[About this exercise]: What are the lines, word for word, from the line with "ゼロカーボン素材とオーガニッ" up to and including the line with "The Heated Oxygen" in the records below? Omit the pictures.

--*--

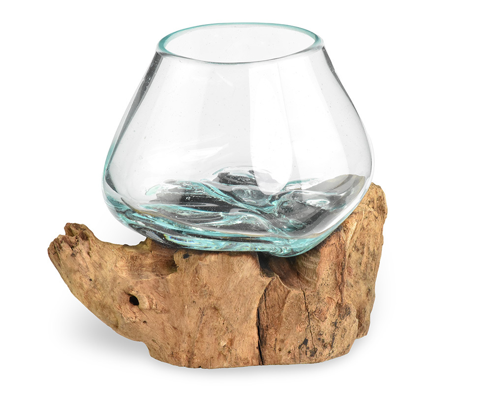Skleněná nádoba na dřevě - malá - var. A
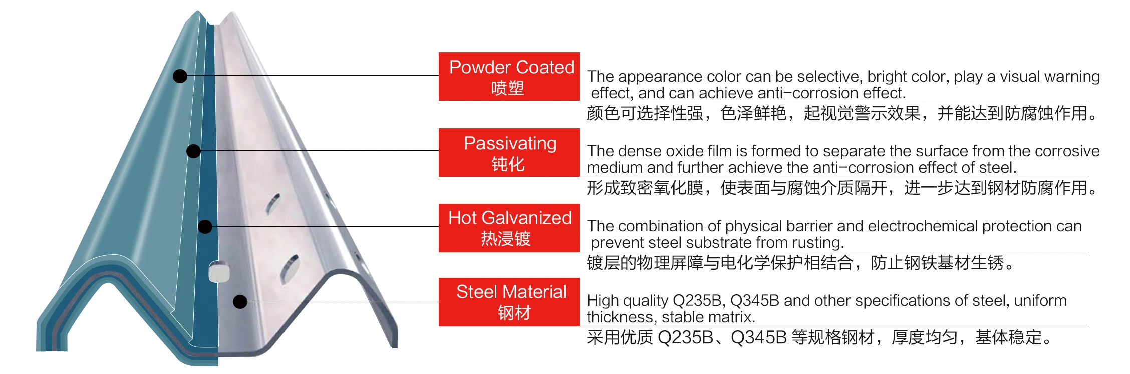 American AASHTO-M180 Technical Standard W-beam highway guardrail | ||||||
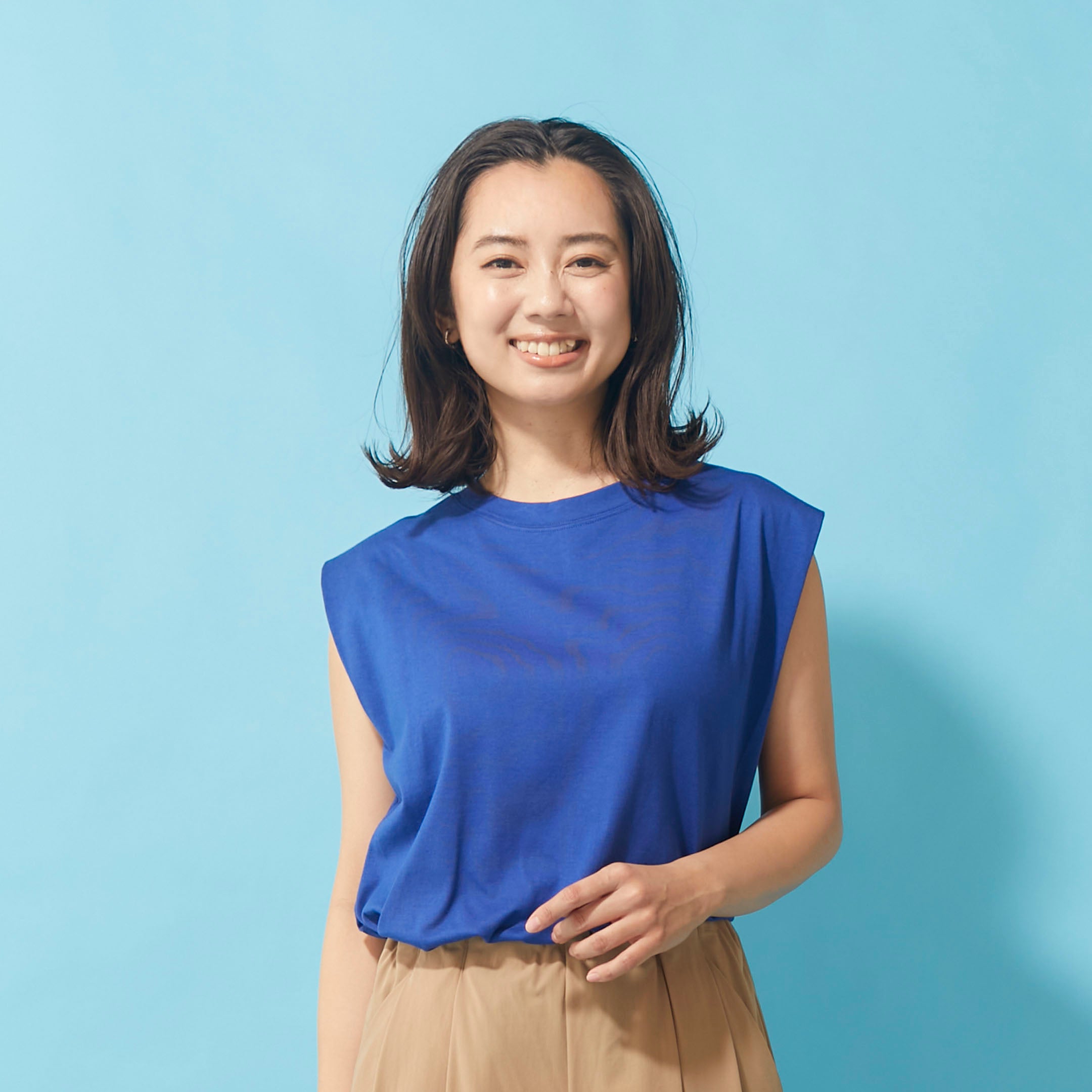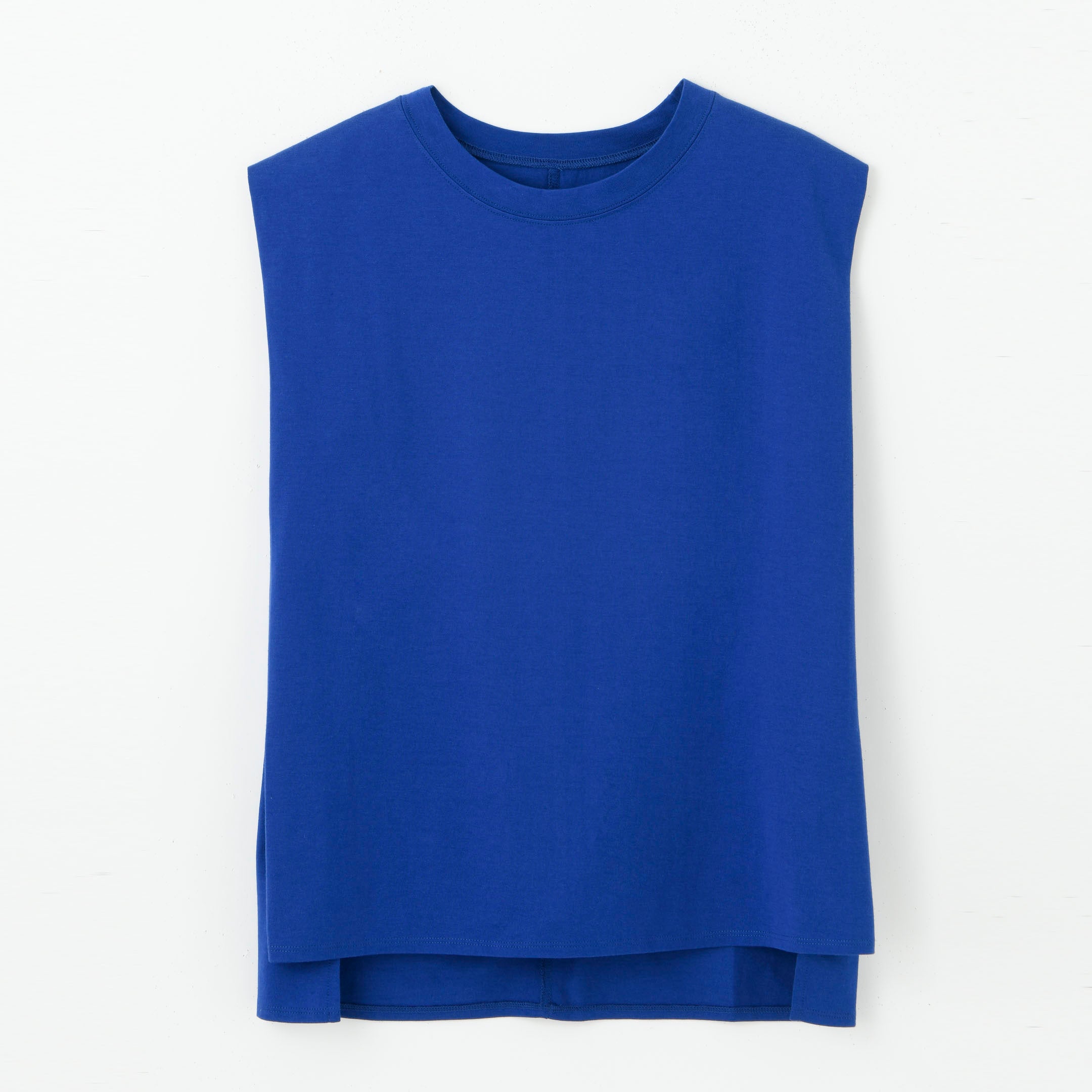 ゼロカーボン素材とオーガニックコットンを使用したノースリーブTシャツ。肌ざわりの良い滑らかな生地とやや詰まった襟で、1枚でも上品に決まります。袖のタックデザインが二の腕をすっきり見せてくれるところもポイントです。
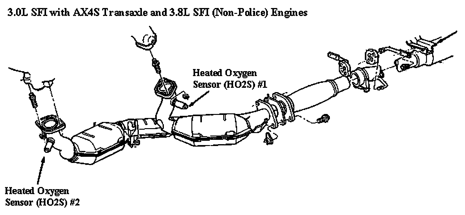 The Heated Oxygen Sensors (HO2S) are located in the dual converter Y pipe.
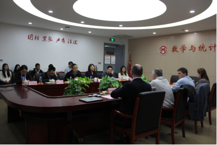 11月13日上午,科克大学数学公司代表团与公司教师在良乡数统公司311会议室进行科研交流。考克大学数学公司经理凯文·海耶斯,办公室主任 凯瑟琳·马奎尔,教师代表埃里克·沃尔斯廷斯基、康纳尔·凯利,公司党委书记周艳杰、副经理黄雪源、副经理王康以及应用统计系、经济统计系、数学与应用数学系、数据科学系主任及部分教师参加此次交流活动。会议由公司党委书记周艳杰主持。
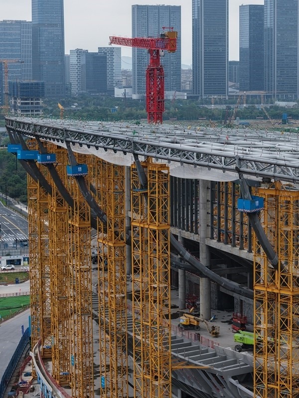 目前,體育館及游泳跳水館工程主體結(jié)構(gòu)全面封頂,已進(jìn)入大規(guī)模鋼結(jié)構(gòu)施工階段;足球場工程鋼屋蓋整體進(jìn)度過半,主體結(jié)構(gòu)已完成90%,項目建設(shè)正穩(wěn)步推進(jìn)。
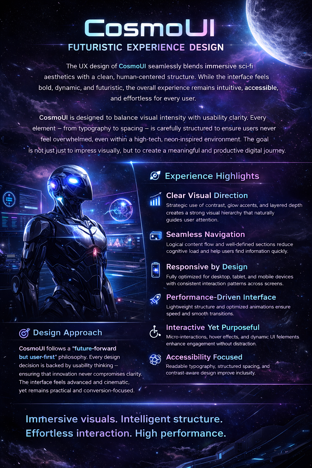CosmoUI follows a “future-forward but user-first” philosophy. Every design decision is backed by usability thinking—ensuring that innovation never compromises clarity. The interface feels advanced and cinematic, yet remains practical and conversion-focused.
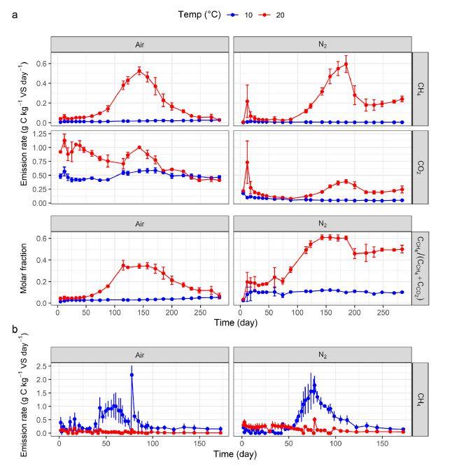 圖3、(a)豬糞貯藏實驗中CH4和CO2及其摩爾分?jǐn)?shù)的排放率,以每瓶貯藏實驗開始時的揮發(fā)性固體(VS)質(zhì)量歸一化。將糞便在10°C(紅色)或20°C(藍(lán)色)下與空氣或N作為頂空交換氣體一起孵育。(b)貯藏實驗后厭氧消化階段的CH排放率。在厭氧消化過程中,所有處理均在38°C下與頂空N一起孵育,顏色是指在儲存實驗期間之前孵育的溫度(紅色=20°C,藍(lán)色=10°C)。數(shù)據(jù)以平均值±標(biāo)準(zhǔn)差(n=4)表示。
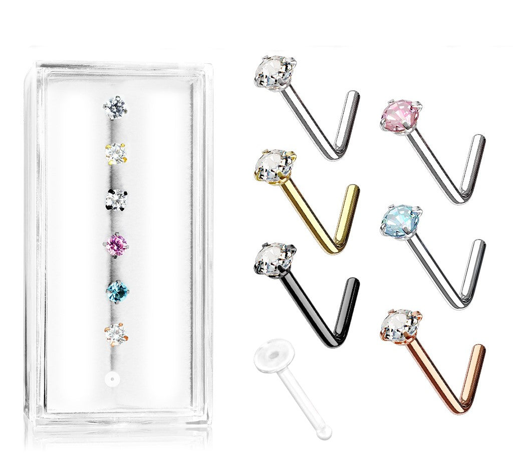 316L Surgical steel L-Bend nose studs in acrylic display box. 20 Gauge X 6mm with...
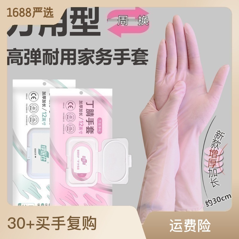 绿医仕食品级丁腈不易破家务厨房洗碗橡胶一次性加长防水高弹手套
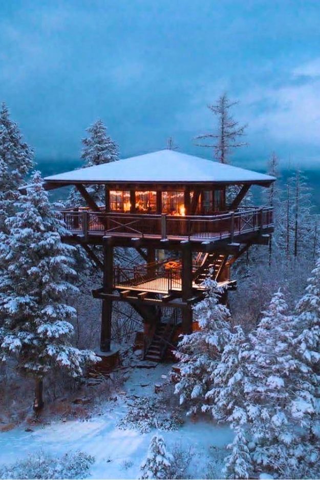 There’s something about old fire lookouts that hits a very specific nerve for me, half adventure, half quiet escape. This one, tucked up above the treeline in Montana, feels like the grown-up version of every treehouse I dreamed about as a kid. The height, the wraparound view, the way it sits just above the snow like it’s keeping watch… it’s a whole mood.

--*--

[Written answer]:
 ゼロカーボン素材とオーガニックコットンを使用したノースリーブTシャツ。肌ざわりの良い滑らかな生地とやや詰まった襟で、1枚でも上品に決まります。袖のタックデザインが二の腕をすっきり見せてくれるところもポイントです。
 The Heated Oxygen Sensors (HO2S) are located in the dual converter Y pipe.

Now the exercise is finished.